>>>>
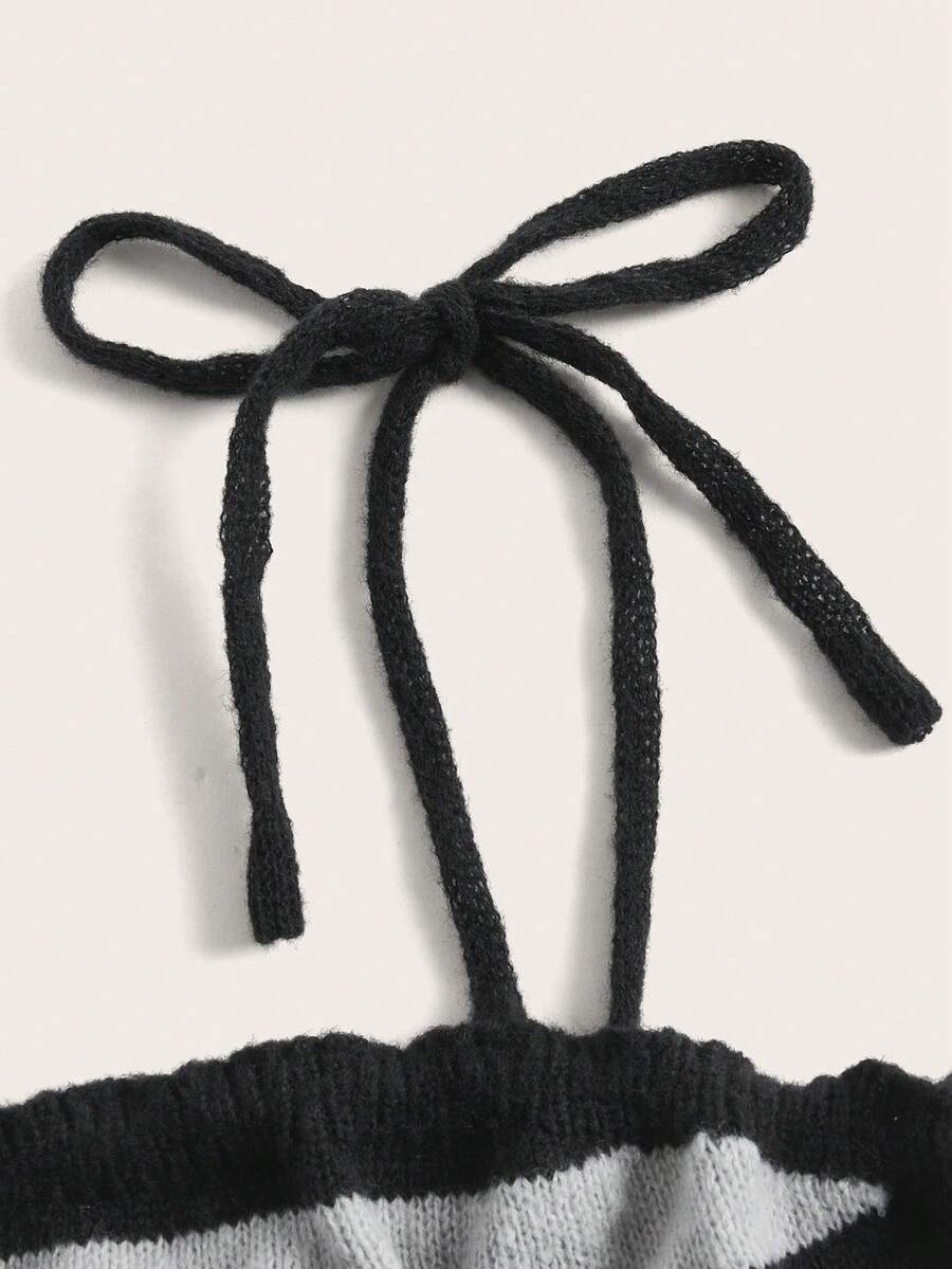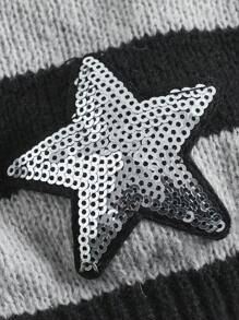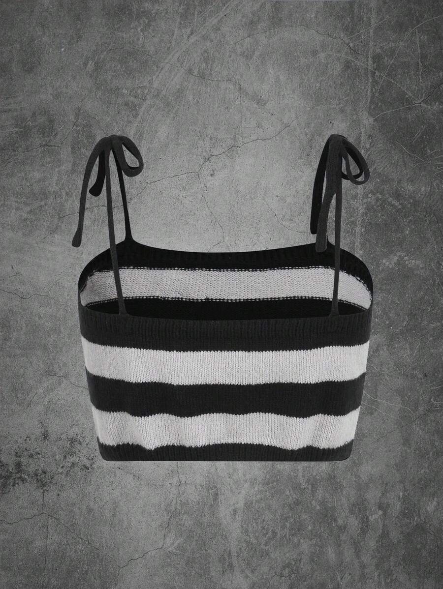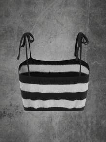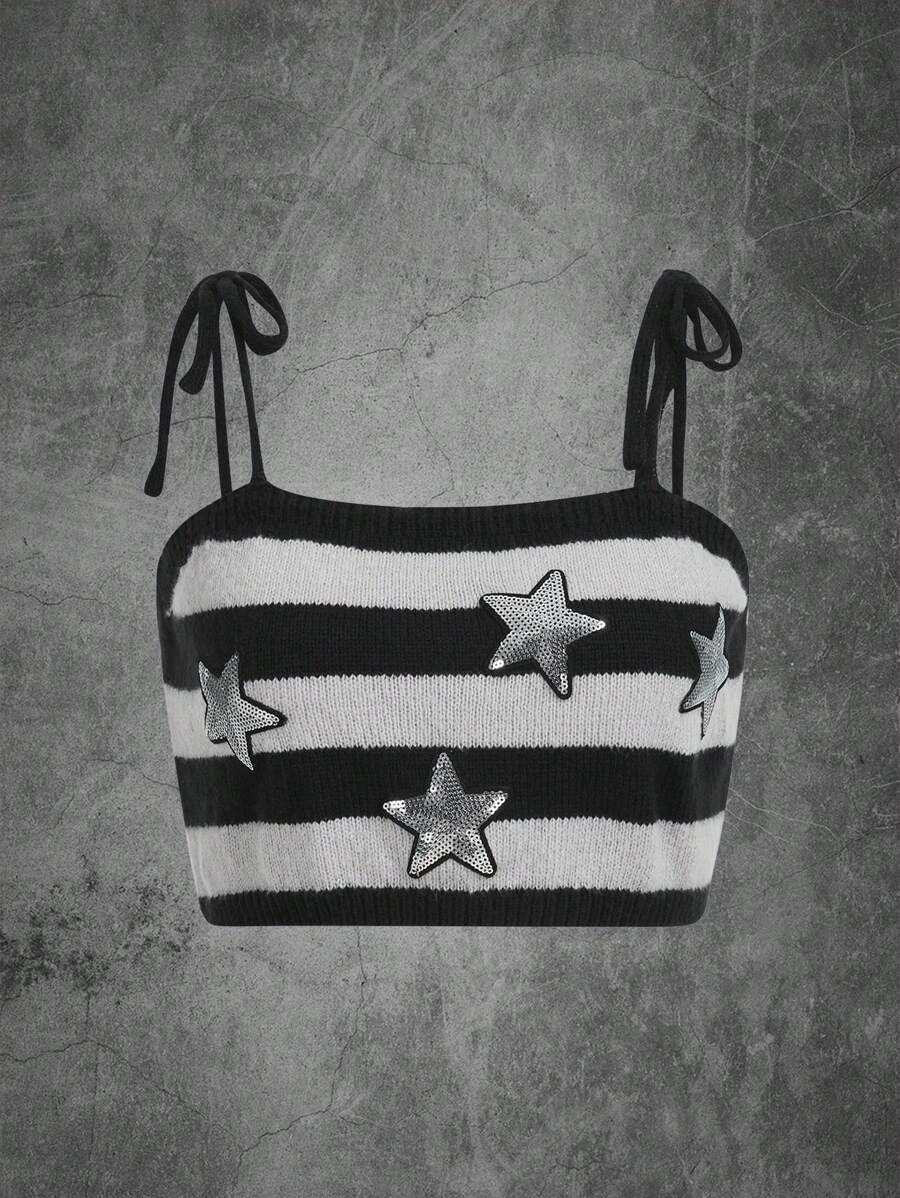 Contrast Star Sequin Striped Tie Shoulder Cami Knit Top
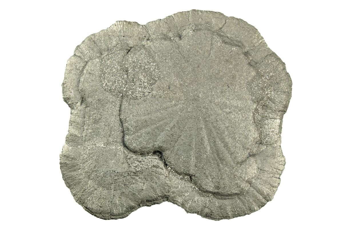 People used to believe that pyrite suns were fossils that had undergone pyrite replacement. The current consensus is that they are simply formed due to the enormous pressure compacting the slate, and causing pyrite to grow laterally in a radiating manner.
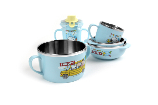 스누피 스텐 유아식기는 화사한 하늘빛 색상에 스누피와 친구들의 캐릭터가 앙증맞게 그려져 있는 캐릭터 식기로 친근한 캐릭터 이미지를 통해 재미는 물론, 스테인리스 소재를 사용해 안전성까지 겸비한 제품. 공기/대접에서부터 컵, 물통, 수저, 포크까지 갖춰져 있어 아이들의 즐거운 식사 시간을 책임진다. 특히 식기 내부는 스테인리스 스틸 소재로 냄새배임 걱정이 없고, 뜨거운 음식을 담을 때도 안심이다. 외부는 플라스틱 소재로 감싼 이중 구조를 채택해 내용물의 열이 밖으로 잘 전달되지 않아 뜨거운 그릇 때문에 아이가 다칠 염려가 없다.
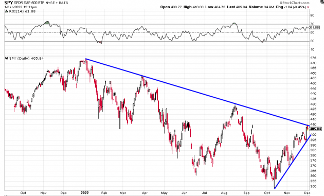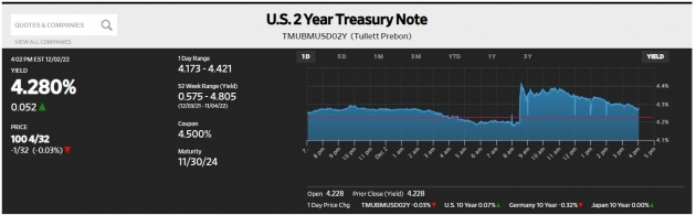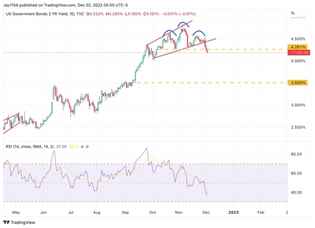 오늘 S&P500 지수는 장 초반 급락하다가 회복되어 4071.70으로 거래를 마쳤습니다. 여전히 200일 이동평균선을 지켰습니다. 이렇게 기술적 변곡점에 걸린 자산들이 너무 많습니다. 2년물 금리의 경우 11월 초 4.8%까지 치솟았다가 떨어지면서 '헤드 앤드 숄더' 패턴이 만들어졌습니다. 추가 하락을 예고하는 기술적 패턴입니다. 10년물도 기술적 저항선 3.5% 선을 깨고 내려갔습니다. ICE 달러 인덱스도 2021년 6월 이후 처음으로 200일 이동평균선(105선)을 깨고 내려가 이틀째 104선에 머물고 있습니다. 물론 이런 추세가 확인되려면 적어도 일주일 이상은 추세 이상이나 이하에 머물러야 할 것입니다.
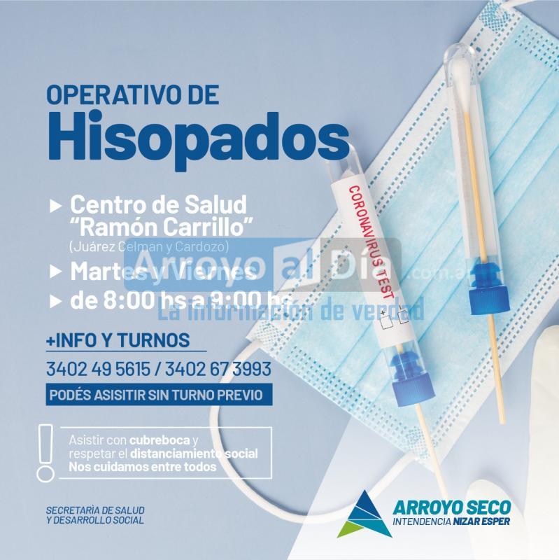 La Municipalidad de Arroyo Seco por medio de la Secretaría de Salud y Desarrollo Social, informa a la población que el Operativo De Hisopados Diarios, continúa en el Centro de Salud Ramón Carrillo con el fin de detectar y frenar tempranamente los contagios de Covid-19.
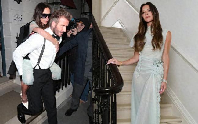 值得一提的是,由於貝嫂的腿部傷勢還沒有完全康復,所以老公貝克漢姆大秀恩愛,穿着白襯衣和揹帶褲,揹着維多利亞出入餐廳,盡顯紳士風度,畫面非常有愛。
<<<<
**What to work on:** Apart from the images, retype the full material exactly as written.

**Written answer:**
 Contrast Star Sequin Striped Tie Shoulder Cami Knit Top
 People used to believe that pyrite suns were fossils that had undergone pyrite replacement. The current consensus is that they are simply formed due to the enormous pressure compacting the slate, and causing pyrite to grow laterally in a radiating manner.
 스누피 스텐 유아식기는 화사한 하늘빛 색상에 스누피와 친구들의 캐릭터가 앙증맞게 그려져 있는 캐릭터 식기로 친근한 캐릭터 이미지를 통해 재미는 물론, 스테인리스 소재를 사용해 안전성까지 겸비한 제품. 공기/대접에서부터 컵, 물통, 수저, 포크까지 갖춰져 있어 아이들의 즐거운 식사 시간을 책임진다. 특히 식기 내부는 스테인리스 스틸 소재로 냄새배임 걱정이 없고, 뜨거운 음식을 담을 때도 안심이다. 외부는 플라스틱 소재로 감싼 이중 구조를 채택해 내용물의 열이 밖으로 잘 전달되지 않아 뜨거운 그릇 때문에 아이가 다칠 염려가 없다.
 오늘 S&P500 지수는 장 초반 급락하다가 회복되어 4071.70으로 거래를 마쳤습니다. 여전히 200일 이동평균선을 지켰습니다. 이렇게 기술적 변곡점에 걸린 자산들이 너무 많습니다. 2년물 금리의 경우 11월 초 4.8%까지 치솟았다가 떨어지면서 '헤드 앤드 숄더' 패턴이 만들어졌습니다. 추가 하락을 예고하는 기술적 패턴입니다. 10년물도 기술적 저항선 3.5% 선을 깨고 내려갔습니다. ICE 달러 인덱스도 2021년 6월 이후 처음으로 200일 이동평균선(105선)을 깨고 내려가 이틀째 104선에 머물고 있습니다. 물론 이런 추세가 확인되려면 적어도 일주일 이상은 추세 이상이나 이하에 머물러야 할 것입니다.
 La Municipalidad de Arroyo Seco por medio de la Secretaría de Salud y Desarrollo Social, informa a la población que el Operativo De Hisopados Diarios, continúa en el Centro de Salud Ramón Carrillo con el fin de detectar y frenar tempranamente los contagios de Covid-19.
 值得一提的是,由於貝嫂的腿部傷勢還沒有完全康復,所以老公貝克漢姆大秀恩愛,穿着白襯衣和揹帶褲,揹着維多利亞出入餐廳,盡顯紳士風度,畫面非常有愛。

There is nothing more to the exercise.